Key features of Qwen-Agent include:
- Function Calling: Enables agents to interact with external tools and APIs.
- Multi-Context Protocol (MCP): Supports advanced context management and tool integration.
- Code Interpreter: Allows agents to write and execute code within a sandboxed environment.
- Retrieval Augmented Generation (RAG): Enhances LLM responses with external knowledge.
- Browser Assistant: Provides an example application for web interaction.
- Chrome Extension: Extends agent capabilities to browser environments.
Qwen-Agent also serves as the powerful backend for Qwen Chat, demonstrating its real-world applicability and scalability.
Installation
Getting started with Qwen-Agent is straightforward.
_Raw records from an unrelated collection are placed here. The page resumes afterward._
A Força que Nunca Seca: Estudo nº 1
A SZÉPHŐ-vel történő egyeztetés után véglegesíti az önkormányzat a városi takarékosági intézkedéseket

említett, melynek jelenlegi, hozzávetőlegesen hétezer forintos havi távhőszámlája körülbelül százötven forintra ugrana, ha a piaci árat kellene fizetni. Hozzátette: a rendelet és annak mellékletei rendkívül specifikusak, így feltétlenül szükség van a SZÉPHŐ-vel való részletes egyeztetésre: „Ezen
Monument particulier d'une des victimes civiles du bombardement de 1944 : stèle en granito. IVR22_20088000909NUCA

You can install it via pip or from the source repository.
Install from PyPI (stable version):
pip install -U "qwen-agent[gui,rag,code_interpreter,mcp]"
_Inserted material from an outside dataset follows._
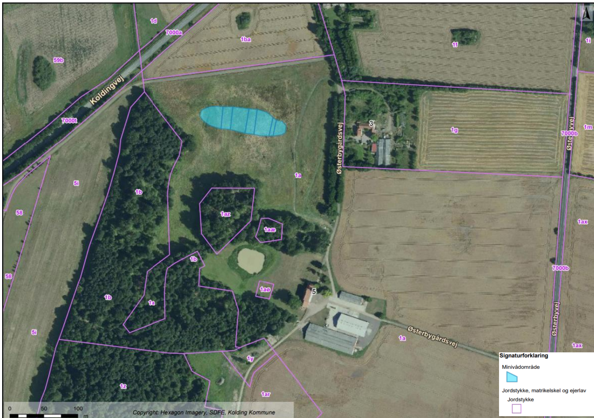
Kortbilag 2: Oversigtskort, der viser minivådområdets placering på matriklen.

# For minimal requirements:
pip install -U qwen-agent
The optional requirements in double brackets provide support for:
[gui]for Gradio-based GUI support[rag]for RAG support[code_interpreter]for Code Interpreter support[mcp]for MCP support
Install from source (latest development version):
git clone https://github.com/QwenLM/Qwen-Agent.git
cd Qwen-Agent
pip install -e ./"[gui,rag,code_interpreter,mcp]"
# For minimal requirements:
pip install -e ./
After installation, ensure you configure your LLM service, either using Alibaba Cloud's DashScope with an API key or by deploying your own OpenAI-compatible model service (e.g., with vLLM or Ollama).
Examples
Qwen-Agent provides a rich set of examples to help you develop your own agents and applications. Here are some highlights:
- Developing Your Own Agent: The framework offers atomic components like LLMs with function calling and
BaseToolfor custom tools, alongside high-levelAgentclasses. You can easily create agents capable of reading files, using built-in tools likecode_interpreter, and integrating custom functionalities.
import json5
import urllib.parse
from qwen_agent.agents import Assistant
from qwen_agent.tools.base import BaseTool, register_tool
@register_tool('my_image_gen')
class MyImageGen(BaseTool):
description = 'AI painting (image generation) service, input text description, and return the image URL drawn based on text information.'
parameters = [{
'name': 'prompt',
'type': 'string',
'description': 'Detailed description of the desired image content, in English',
'required': True
}]
def call(self, params: str, **kwargs) -> str:
prompt = json5.loads(params)['prompt']
prompt = urllib.parse.quote(prompt)
return json5.dumps({'image_url': f'https://image.pollinations.ai/prompt/{prompt}'}, ensure_ascii=False)
llm_cfg = {
'model': 'qwen-max-latest',
'model_type': 'qwen_dashscope',
# 'api_key': 'YOUR_DASHSCOPE_API_KEY',
}
bot = Assistant(llm=llm_cfg,
system_message='''After receiving the user's request, you should:
- first draw an image and obtain the image url,
- then run code `request.get(image_url)` to download the image,
- and finally select an image operation from the given document to process the image.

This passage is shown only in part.